**Task directions:** Down to the last line, print the entries below exactly, and keep every picture out of the copy.

**Provided entries:**

--- START ---

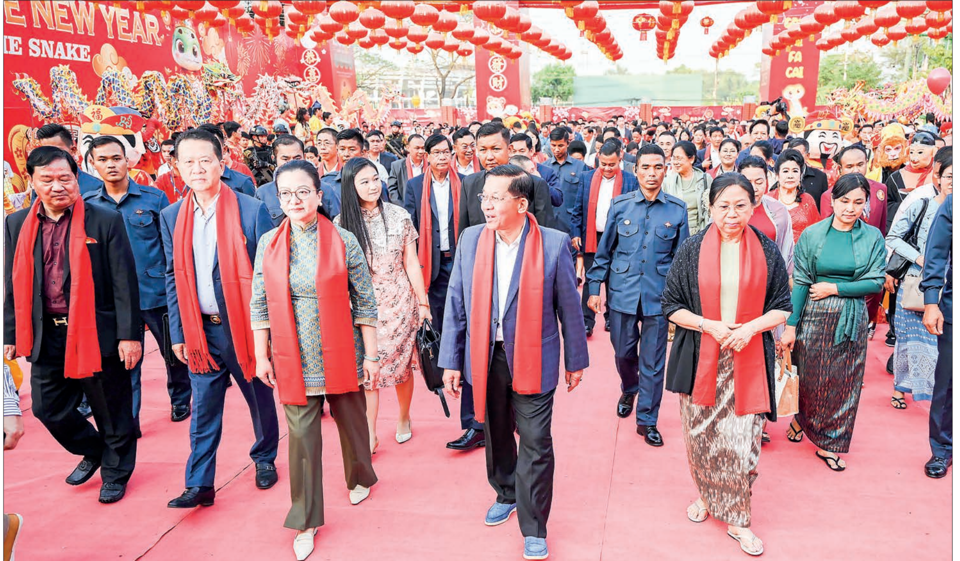
Chairman of the State Administration Council Prime Minister Senior General Min Aung Hlaing and his wife Daw Kyu Kyu Hla attend the Chinese New Year celebration in the Year of Snake for 2025 held at the National Indoor Stadium I in Thuwunna of Yangon yesterday.
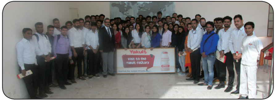
Management students at Industrial visit at Rai
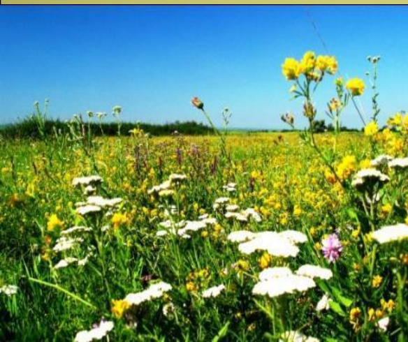
The steppes of the Reserve
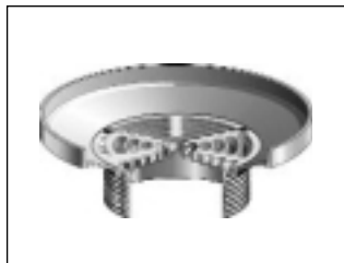
ER STRAINER (SPECIFY SIZE, FINISH)
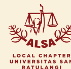
LOCAL CHAPTER UNIVERSITAS SAM RATULANGI
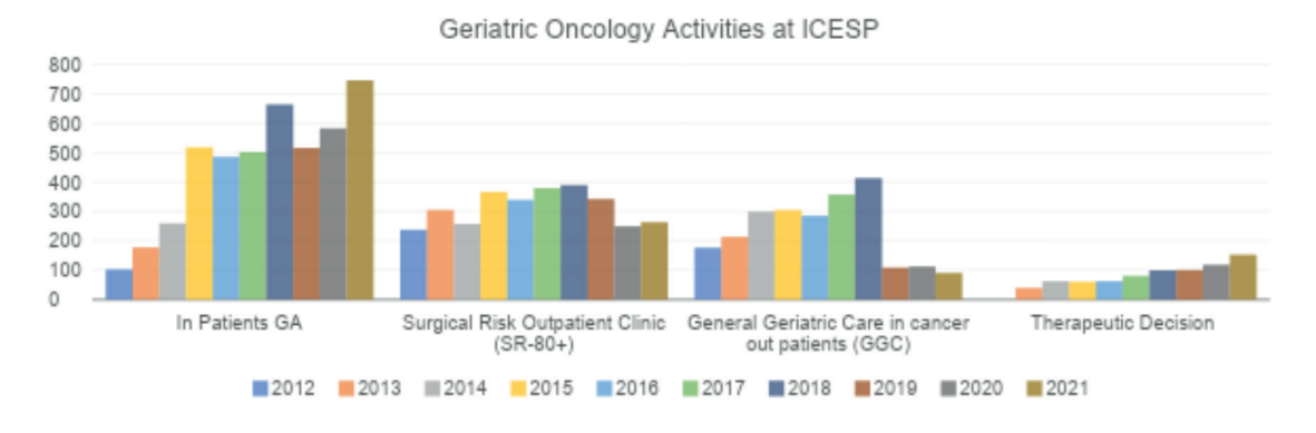
Figure 2. Number of consultations performed by the geriatric oncology clinic per year from 2012 to 2021.
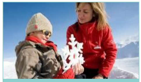
More for Kids and Teens
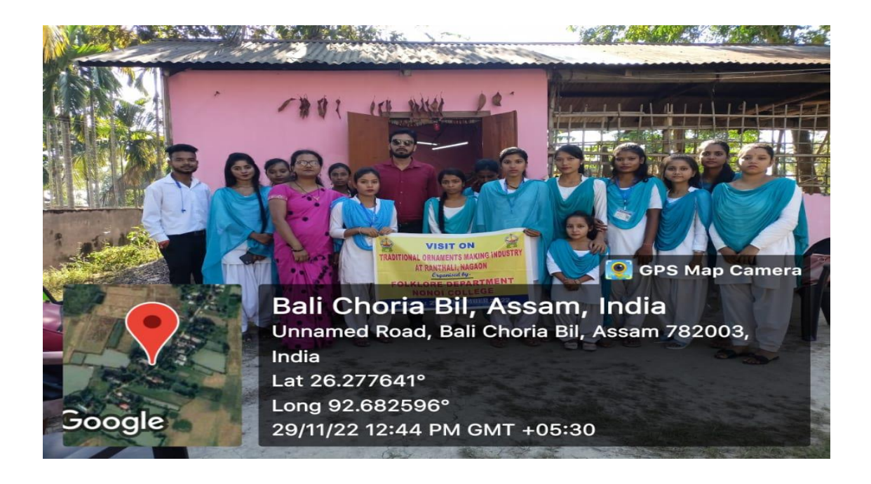
Field Visit To Ranthali
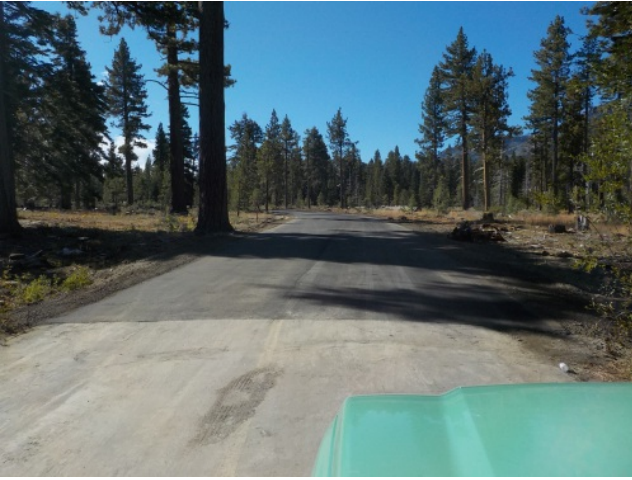
view of reconstructed road
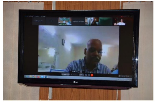
Inaugural Address by DDG (Extension), ICFRE

--- END ---

**Reply to the task:**
Chairman of the State Administration Council Prime Minister Senior General Min Aung Hlaing and his wife Daw Kyu Kyu Hla attend the Chinese New Year celebration in the Year of Snake for 2025 held at the National Indoor Stadium I in Thuwunna of Yangon yesterday.
Management students at Industrial visit at Rai
The steppes of the Reserve
ER STRAINER (SPECIFY SIZE, FINISH)
LOCAL CHAPTER UNIVERSITAS SAM RATULANGI
Figure 2. Number of consultations performed by the geriatric oncology clinic per year from 2012 to 2021.
More for Kids and Teens
Field Visit To Ranthali
view of reconstructed road
Inaugural Address by DDG (Extension), ICFRE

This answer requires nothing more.